Clementine hurried away but took no more than another dozen or so steps before she stopped again. Staring down at her feet, she tried to decide what to do for the best. Should she go and see Dotty, or should she go and see Mrs Saunders first?

An hour later, Clementine let herself out of Mrs Saunders’s house and puffed out her cheeks. She was now more disturbed than ever but also relieved because now she knew for a fact that her suspicions were correct. Sally had been wearing a night-gown when she had been found downstairs on the kitchen floor. No, Mrs Saunders hadn’t removed the clothing Sally had been wearing yesterday, nor did the undertaker take some of Sally’s clothing with him when he had collected Sally’s body. Mrs Saunders hadn’t seen any of Sally’s clothing lying around the house either. No, Mrs Saunders hadn’t been back to the house since she had locked the place up after the undertaker had left. No, she had no idea why there was no sheets on Sally’s bed. Mrs Saunders suggested that maybe the undertaker had used them to cover Sally’s body in the kitchen and had then taken them with her body to the mortuary.
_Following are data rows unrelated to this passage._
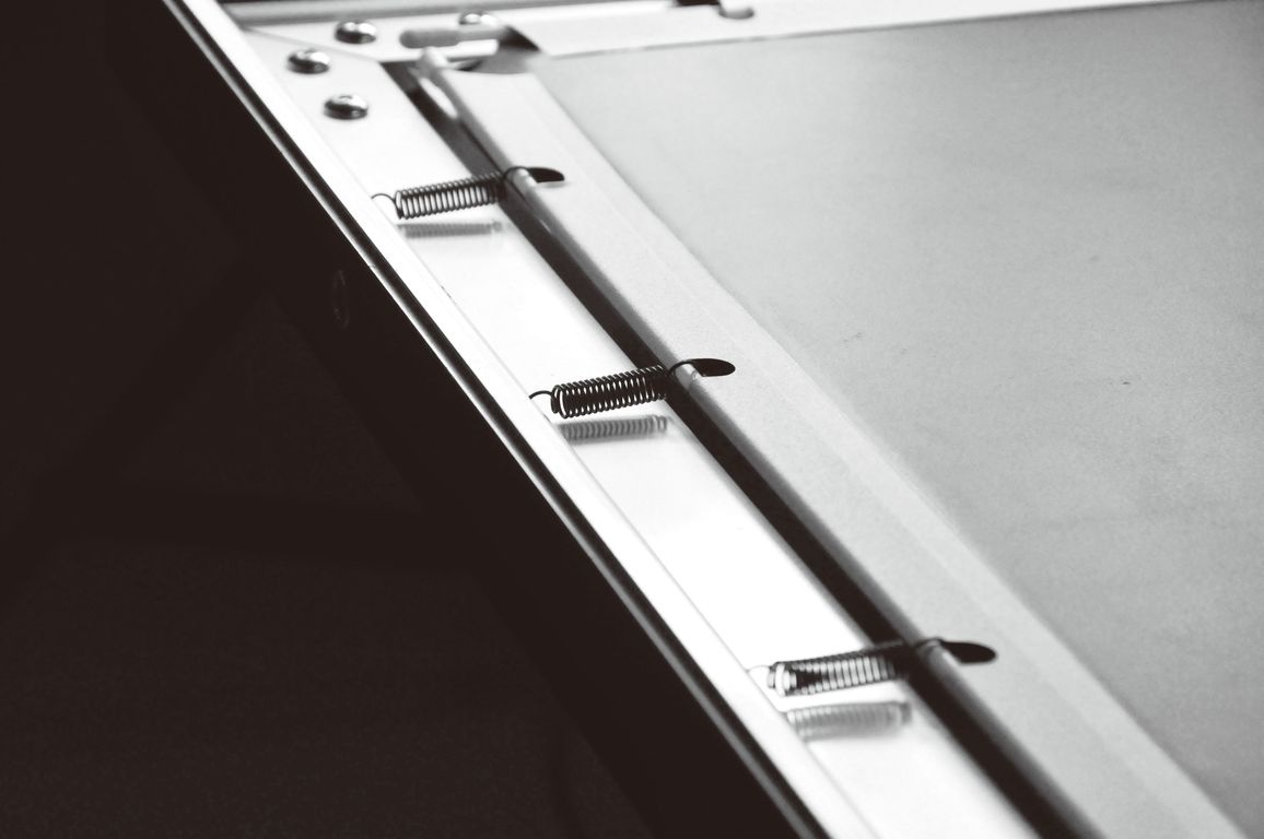 - Идеально плоское полотно с основой—материал PVC. Полотно равномерно натянуто по периметру рамки, что препятствует возникновению неровностей и волн во время эксплуатации.
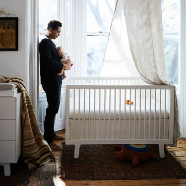 Oeuf NYC's Sparrow Cot Bed is defined by its unique lines and supremely durable birch-hardwood. With three adjustable mattress heights, the Cot Bed adapts to the needs of you and your baby to create the most comfortable early sleeping experience.
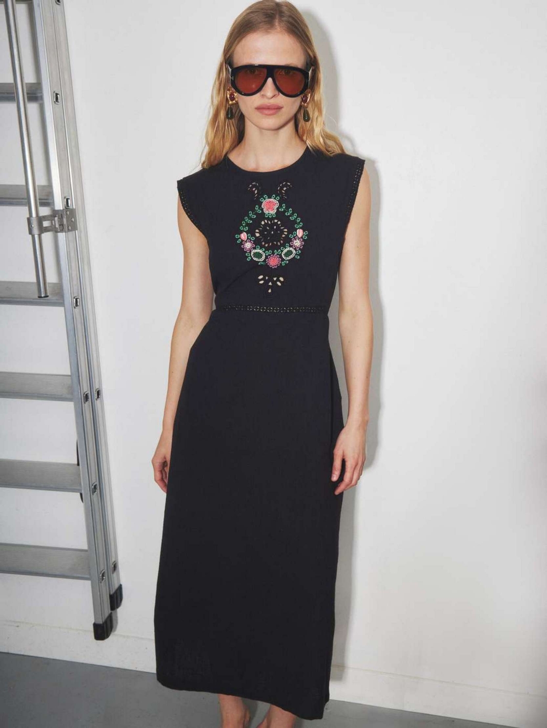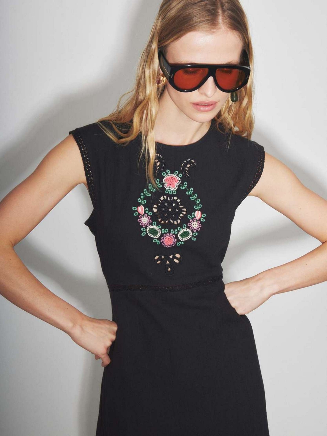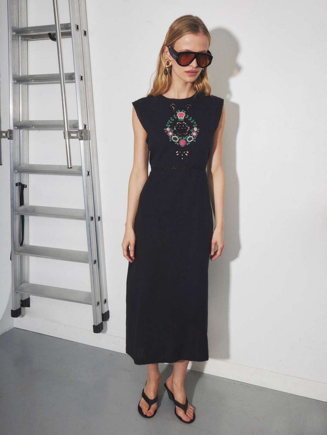 ROZA se distingue par son allure sophistiquée, mêlant une coupe longue sans manches à un travail de broderies florales multicolores sur le buste. Sa taille est délicatement soulignée par une bande ajourée, tandis que son col rond et sa ligne épurée structurent la silhouette avec élégance. Confectionnée dans une matière légère, elle s'affirme comme une pièce maîtresse de votre vestiaire pour une allure chic en toute circonstance.

All that information led Clementine to only one conclusion; that there was something suspicious about Sally’s abrupt demise. According to Mrs Saunders, Sally had not gone out last night nor had she had any visitors after Clementine had left around six o’clock and no, there had been no visitors to the house this morning either.

That left Clementine with another problem. How observant was Mrs Saunders? Clementine knew she had been there, and she hadn’t been alone, yet Mrs Saunders had sounded adamant that nobody had been to the house.

“Now what do I do?” Clementine cried in exasperation.

“Still mumbling to yourself?”

Clementine gasped and whirled to glare at the man standing behind her – far too close behind her for comfort. She instinctively stepped back and lifted her brows at him as she tried to adopt a nonchalant expression, but she failed miserably because of the florid flush of guilt that stained her cheeks.

“How do you do that?” she gasped, clutching a hand to her chest above her pounding heart, although why it was thumping Clementine couldn’t be quite sure.

Moss folded his arms. “Walk down the street?” he teased, lifting his brows askance at her.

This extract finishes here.